Administrators of the state’s early childhood education and subsidized child care programs told lawmakers Tuesday that the coronavirus pandemic has forced them to scale back services for the time being.
In addition, lawmakers expressed differing views about whether a new law mandating 100% access to preschool to all 3- and 4-year-olds by the end of 2032 can be adequately funded in Hawaii’s post-COVID economy.
“I think the 500-pound gorilla in the room is the economic situation we’re now in,” said Rep. Roy Takumi, a leeward Oahu Democrat, during a joint informational briefing of the House Education and the Health, Human Services and Homelessness committees.
“If you can believe the newspapers, and you don’t believe it’s fake news, the economic forecast that we’ve seen is that tourism won’t return to 2019 levels until 2025,” Takumi added. “So we’re talking about five years out before tourism, not to mention other sectors of our economy, are kind of going to be at the point we were last year.”
Takumi was referring to Act 46, which also mandates that 50% of previously unserved 3- and 4-year-olds be placed in a state-funded preschool program by Dec. 31, 2027. He asked the administrators if they thought the law’s mandates could be carried out given the current economic crisis.
“We do see the writing on the wall, that implementation of the provisions of Act 46 will be delayed,” said Cathy Betts, the Health and Human Services Director when she is director of the Department of Human Services. Noting the law created the state-funded Preschool Open Doors program, she added, “There were 12 full-time positions created under Act 46, but did not receive any appropriations … so we were not able to establish those positions without general funds.”
Adding that $5 million in federal funding has been appropriated for expansion of information technology for preschool programs for 2020-21, Betts said her office is seeking private partners “providing or loaning IT professionals to assist the state modernize IT system.”
“We just need to continue going down the loan of implementation, and we want to be able to implement the will of the Legislature,” Betts said. “But I also recognize that we are in a very dire economic crisis that we have never been in before.”
Rep. Della Au Belatti, a Honolulu Democrat and House majority leader, said Act 46 “set up the special fund so the department will be able to receive, as appropriated from the Legislature, various funds, including federal funds should they come down.”
“Director Betts, it makes it sound as though we’re not currently funding child care programs, preschool programs — but we are, with $20 million,” Belatti said.
“We are absolutely funding child care, as much as we can,” Betts replied. “We are hoping that more federal funding will be able to support child care expansion.

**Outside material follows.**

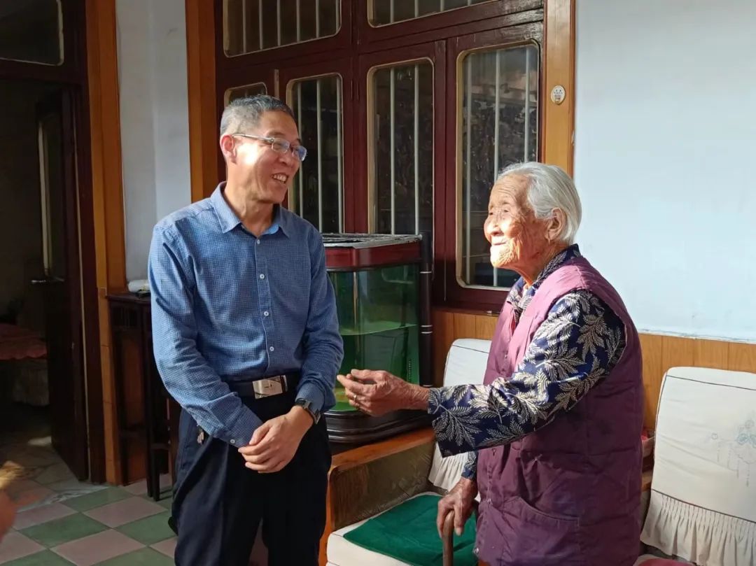 歲歲重陽,今又重陽。10月11日,沂河新區(qū)教育體育和衛(wèi)生健康局副局長盧中文、衛(wèi)生健康科科長李聰聰帶隊(duì)到相公街道開展“重陽敬桑榆 慰問暖金秋”重陽節(jié)走訪慰問百歲老人活動(dòng),為他們送去深切關(guān)懷和節(jié)日祝福。相公街道黨工委副書記、政法委員李曉艷陪同。 走訪現(xiàn)場,慰問組為老人們送上了精心準(zhǔn)備的慰問金,米、面、油、牛奶等慰問品和節(jié)日的問候與祝福。耐心聽老人們話家常,關(guān)心他們的生活情況和身體狀況,了解他們的需求。叮囑老人們天氣轉(zhuǎn)涼,早晚記得增添衣物、注意保暖,好好保重身體。一句句問候、一聲聲祝福,都深深溫暖著老人們的心,幸福之情溢于言表。

However, as I mentioned, Preschool Open Doors is a state-funded program, and I absolutely recognize the economic situation we find ourselves in.”
Belatti said the incoming administration of President-elect Joe Biden is talking about expansion of the federal Community Block Development Grant program.
“That’s exactly funneling it into these areas where we have expansion,” Belatti said.
Betts pointed out the CDBG “is a block grant,” so a state match is required “to actually expend the federal funds.”
“We do have that special fund associated with Act 46,” she replied to Belatti. “So if we could have private funders or special funds, that would definitely help us with this cause.”
Lauren Moriguchi, director of the Executive Office of Early Learning, said her office is “focused on maintaining seats” in preschools and “supporting providers wherever we’re able to,” as well as “increasing families’ access” to preschools and child care. She added that she’s seeking more support for the training of early childhood educators from higher education programs.
“While this may not lead immediately to expansion, they do lay the groundwork for us to move forward with expansion when financial investments are greater,” Moriguchi said.
“I really want to point out, though, that Act 46 is going to take significant investment, both financially and in terms of time over the next decade. In order to make sure that we’re addressing what we need to do, there needs to be significant investment in supporting the workforce, and we also need investment in expansion of programs, as well as facilities.”